NIM : 202009049
PRODI : PSP 2B
I RAJAPALA
Di Kerajaan Wana Keling tinggallah seorang bernama I Rajapala. Pekerjaanya
sehari – harinya berburu dan menangkap burung. Pada suatu hari, ia pergi ke
tengah hutan untuk berburu dan menangkap burung. Akan tetapi,pada hari itu ia
sial. Tak seekor binatang dan burung pun yang diperolehnya. Karena lelah, ia
beristirahat dibawah pohon yang besar. Di dekat pohon itu terdapat sebuah
telaga. Tak lama kemudian, datanglah tujuh orang bidadari mandi di telaga itu.
Melihat hal itu, I Rajapala bersembunyi di balik pohon sambil memperhatikan
para bidadari itu mandi. Setelah bidadari itu hamper selesai mandi, I Rajapala
mengambil selendang alat terbang salah seorang bidadari dengan sumpitannya.
Setelah selesai mandi, enam orang bidadari terbang kembali ke surga, seorang
bidadari tidak bisa ikut karena selendang terbangnya hilang.
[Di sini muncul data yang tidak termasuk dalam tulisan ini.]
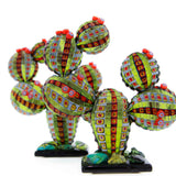 Bright green cactus in Murano blown glass. The cactus have the combination of theree techniques; blown glass, vetrofusione and murrines attached which gives the sculpre a more realistic look. This glass object is a perfect gift and a small eye-catcher in every interior.

Bidadari itu
bernama Ken sulasih. Ketika kebingungan mencari selendang terbangnya, I
Rajapala keluar dari persembunyiannya. Lalu mendekati Ken Sulasih.
“Nah, itulah selendang saya. Tolonglah kembalikan supaya saya bisa pulang ke
surga. Kalau perlu saya meu menebusnya dengan apa pun,” kata Ken Sulasih
penuh harap.
“Tidak, saya tidak mau mengembalikan selendang ini kecuali kamu bersedia
menjadi istriku.”
Karena merasa terdesak, Ken Sulasih memenuhi permintaan I Rajapala.
Akan tetapi Ken Sulasih mengajukan syarat. Jika kelak anak petamanya lahir, I
Rajapala harus mengembalikan selendangnya dan mengizinkan Ken Sulasih
pulang ke surga. I Rajapala menerima syarat itu. Sejak itu, I Rajapala dan Ken
Sulasih menjadi suami istri. I Rajapala sangat sayang kepada Ken Sulasih karena
sejak beristrikan Ken Sulasih ia selalu memperoleh keberuntungan. Penduduk
desa sangat heran karena I Rajapala punya istri sangat cantik. Tanpa terasa,
beberapa tahun telah berlalu. Ken Sulasih melahirkan seorang anak laki – laki.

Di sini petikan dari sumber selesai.